The Giallo is the oddest of beasts – formulaic with a wildly eccentric code at the same time. Ostensibly murder mysteries with penchants for violence and sex, they also played host to some of the most visually inventive names from Italian cinema. The last thing in the world that would require a reactionary opposite, you would think. Enter the Bloodstained Butterfly newly issued by Arrow Video from A Fist full of Dollars co-writer, and director of all the Italian staples: Poliziotteschi, Spaghetti Westerns and Giallo – Duccio Tessari.
The Bloodstained Butterfly (aka Secret of the Black Rose) features Helmut Berger, Giancarlo Sbragia, Ida Galli and Carol Andre in a film that eschews its genres fascinations with the macabre instead building upon a more real framework. Over the closing credits, Tessari thanks the crime scene investigation team that they collaborated with. This is a world away from the likes of Bava, Argento, Martino and Fulci, The Bloodstained Butterfly shares tone with Francesco Rosi’s historical crime drama Salvatore Giuliano for its attention to detail and its adoption of the courts. Sex features without violence getting involved until absolutely necessary. The same is consistent with the murders; no mutilations, no severed limbs, no psychological torture, Tessari and co-writer Gianfranco Clerici are keeping well within the realms of plausibility.
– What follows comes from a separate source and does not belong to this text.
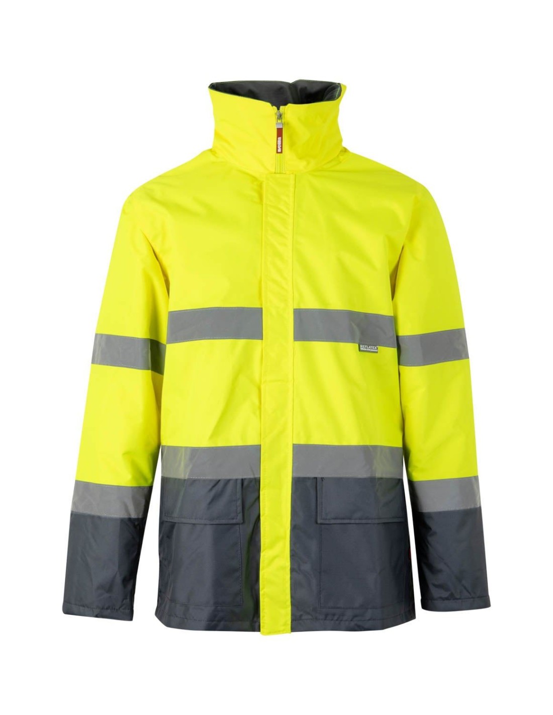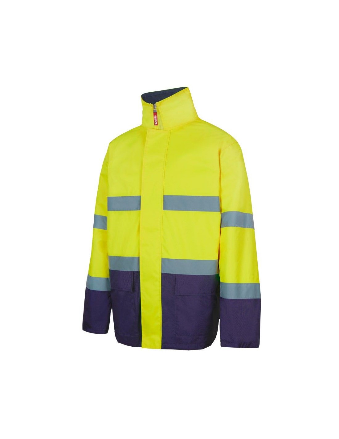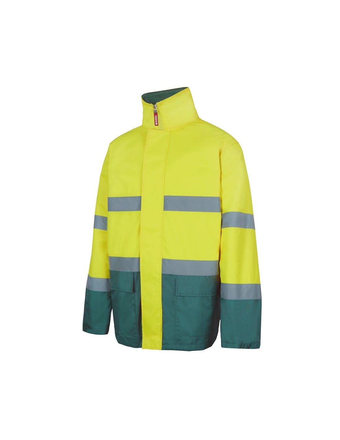Parka bicolor de alta visibilidad con cintas reflectantes en torso y mangas. Cremallera central oculta con tapeta, botones automáticos, puño interior de canalé, varios bolsillos y capucha desmontable en el interior del cuello.

Despite the revolt against genre norms, The Bloodstained Butterfly is a modest film in which a girl is murdered in a local park – as depicted in the stunning box art by Arrow regular Matthew Griffin. A former television football pundit (Sbragia), who was spotted rushing from the scene, is tried and convicted for the crime but still the killings continue. Murder mystery red herrings are cast by Sbragia’s mistress and the suspicious behaviour of his solicitor, Günther Stoll, provide all the necessary mystery.
Far from the violence of generic norm, the murders are repeated as a means to present information to a jury. Where genre stalwarts relish the explosive geysers of blood and gore, these murders are over before they begin. In many ways, Tessari’s film outright evades association with the Giallo as evidenced by one murder being omitted in its entirety. This may well be true when acknowledging the violence and ideology but through other means its subscription is paid off in full. Superficial as it may be, the overly descriptive title is present and correct, more important; however, is the commanding camera work.
As the film gallops towards its climax and the two hidden antagonists finally reveal themselves, cinematographer Carlo Carlini (Death Rides a Horse) puts all of his high profile cards on the table. These two aggressors sit atop a tower of unconventional spirals and shards; the way Carlini’s camera darts and twists from feature to feature reminds that the Giallo is the definitive cinematographer’s playground. Of less showy stock are the sex scenes that have been framed to sow the seeds of distrust, much subtler, for sure, but narrative tied into the storytelling devices shows intelligence beyond mere spectacle. Twin those with the beautiful historic cities of Bergamo and Milan and you have a handsome film. Gianni Ferrio’s score provides luscious accompaniment, darting around the Jazz playground from 1970s lounge to a broodier concoction that would’ve needed little alteration to have featured on Mike Patton’s dizzying Fantômas Director Cut LP.
Contrariness makes the Bloodstained Butterfly what it is whilst simultaneously being its cross to bear. Police were presented with a language analogous to action cinema in the 1970s; in its day, Tessari’s film was a true oddity. Unfortunately time has been harsh, the rise and rise of the police procedural has resulted in the unique shine losing its lustre and distinctiveness. Editing is cut from the same cloth, with a prototypical roughness born jumping from dramatically intense moments to investigative recreations and back again. These cutaways are confined to the initial 45 minutes; nonetheless they are very effective at disturbing Tessari’s measured rhythm.
The commentary with the near household names [in the horror community] in critics Alan Jones and Kim Newman is every bit the treatment Duccio Tessari’s Bloodstained Butterfly merits. While Arrow and, to a lesser extent, 88 Films, have been making a concerted and admirable effort to cast light on this most marginal of sub-genres, this latest entrant may be commendably different but in commanding such a position it becomes hard to recommend to anyone outside the Hardcore.